> _Recorded information_
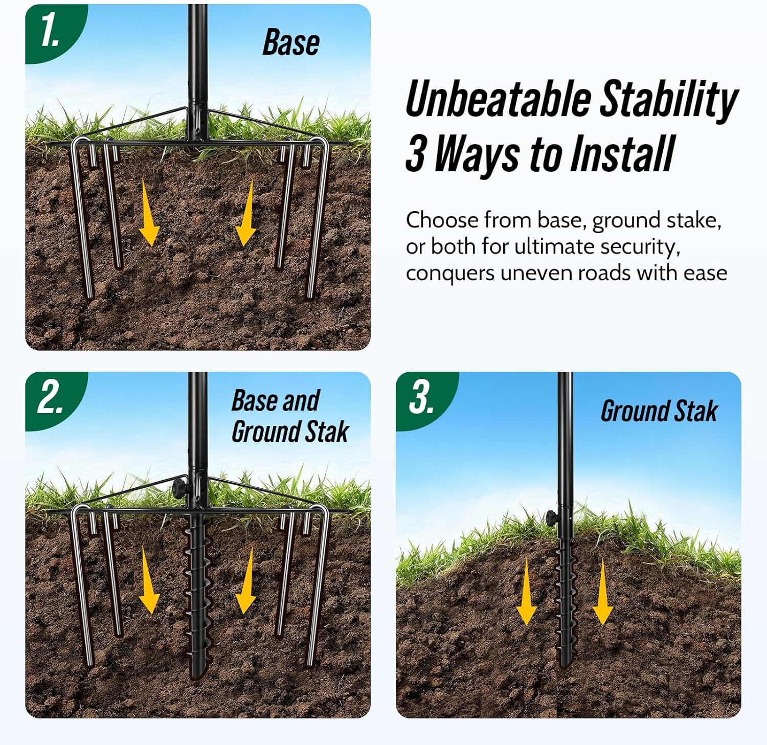 Ground Stake for Stability: Comes with a detachable ground stake and three setup options: base only, base + stake, or stake only. Use base modes on flat ground; the stake-only method provides stability on sloped or rough terrain
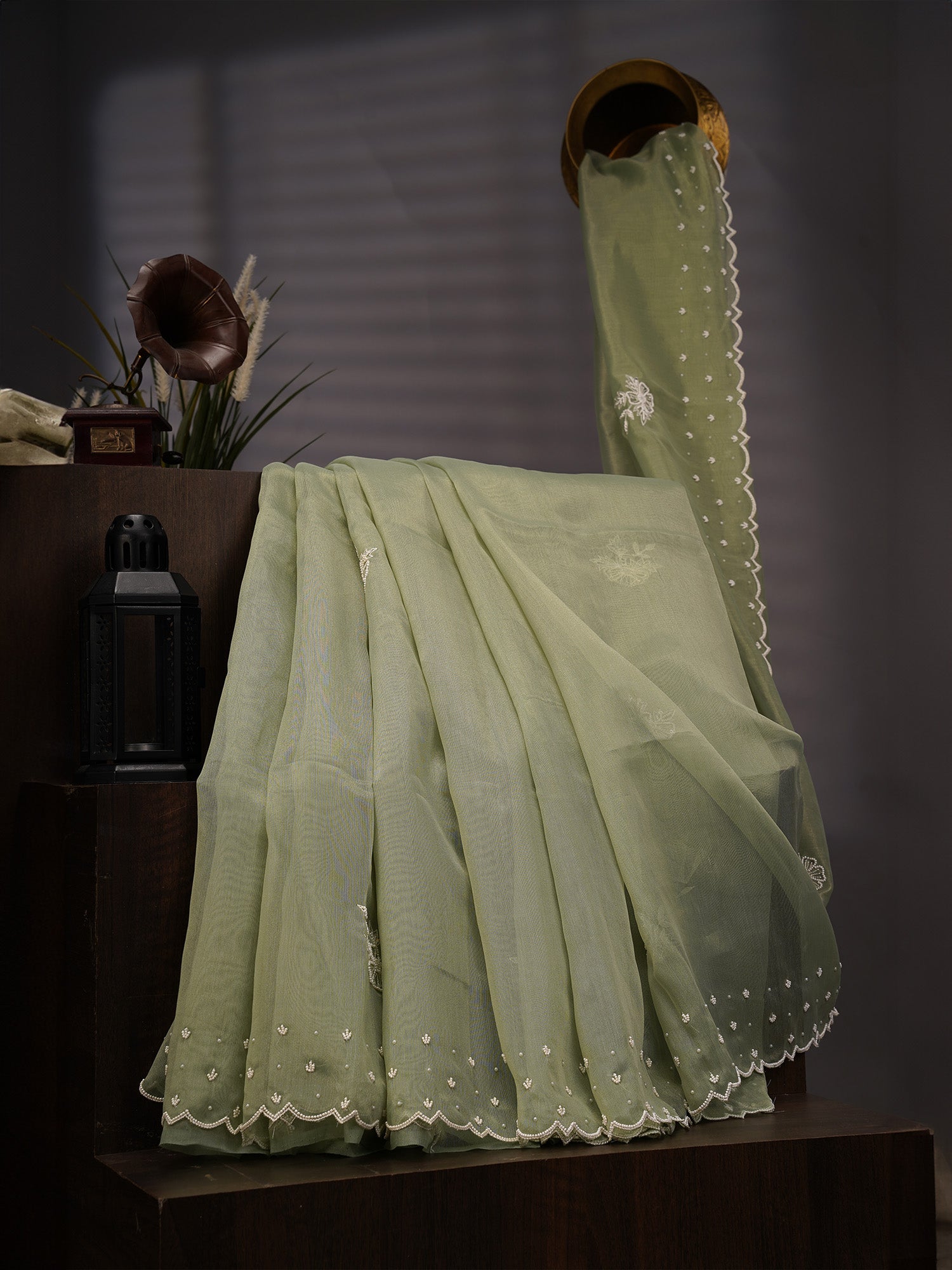 Tissue Linen Lace Border Embroidery Buttis - Green Elevate your ethnic wardrobe with this sophisticated tissue linen saree, expertly crafted with delicate lace borders and intricate butti embroidery. The lightweight tissue linen fabric drapes beautifully while maintaining its structure, making it ideal for both casual gatherings and formal occasions. The verdant green hue complements all skin tones, while the ornate lace detailing and scattered buttis add refined elegance without overwhelming the design. Perfect for those who appreciate traditional craftsmanship with contemporary sensibility, this saree seamlessly transitions from day to evening wear.
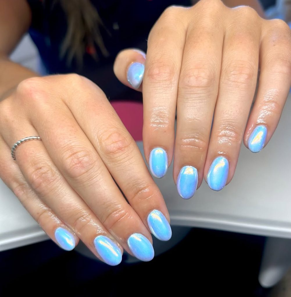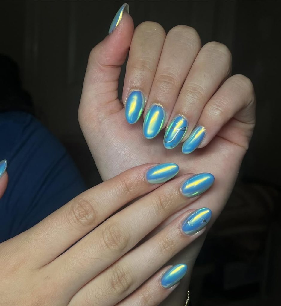 These nails are playful and eye-catching, with a base of blue chrome that reflects hints of pink and purple in the light. The result is almost holographic, giving the manicure a magical, multi-dimensional look. It’s fresh, fun, and full of personality.
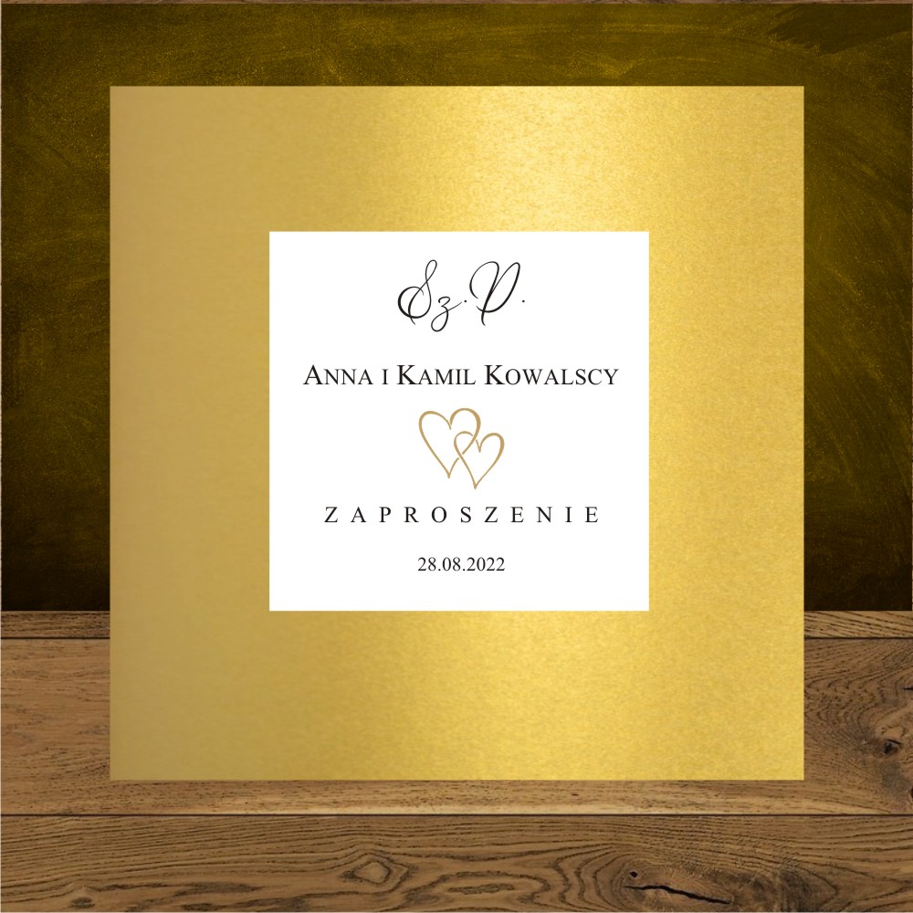 Zaproszenia slubne jednostronne dwa serduszka złote minimalistyczne

> _Task statement_
A verbatim copy of the material is needed; pictures are not to appear in it.

> _Problem solution_
 Ground Stake for Stability: Comes with a detachable ground stake and three setup options: base only, base + stake, or stake only. Use base modes on flat ground; the stake-only method provides stability on sloped or rough terrain
 Tissue Linen Lace Border Embroidery Buttis - Green Elevate your ethnic wardrobe with this sophisticated tissue linen saree, expertly crafted with delicate lace borders and intricate butti embroidery. The lightweight tissue linen fabric drapes beautifully while maintaining its structure, making it ideal for both casual gatherings and formal occasions. The verdant green hue complements all skin tones, while the ornate lace detailing and scattered buttis add refined elegance without overwhelming the design. Perfect for those who appreciate traditional craftsmanship with contemporary sensibility, this saree seamlessly transitions from day to evening wear.
 These nails are playful and eye-catching, with a base of blue chrome that reflects hints of pink and purple in the light. The result is almost holographic, giving the manicure a magical, multi-dimensional look. It’s fresh, fun, and full of personality.
 Zaproszenia slubne jednostronne dwa serduszka złote minimalistyczne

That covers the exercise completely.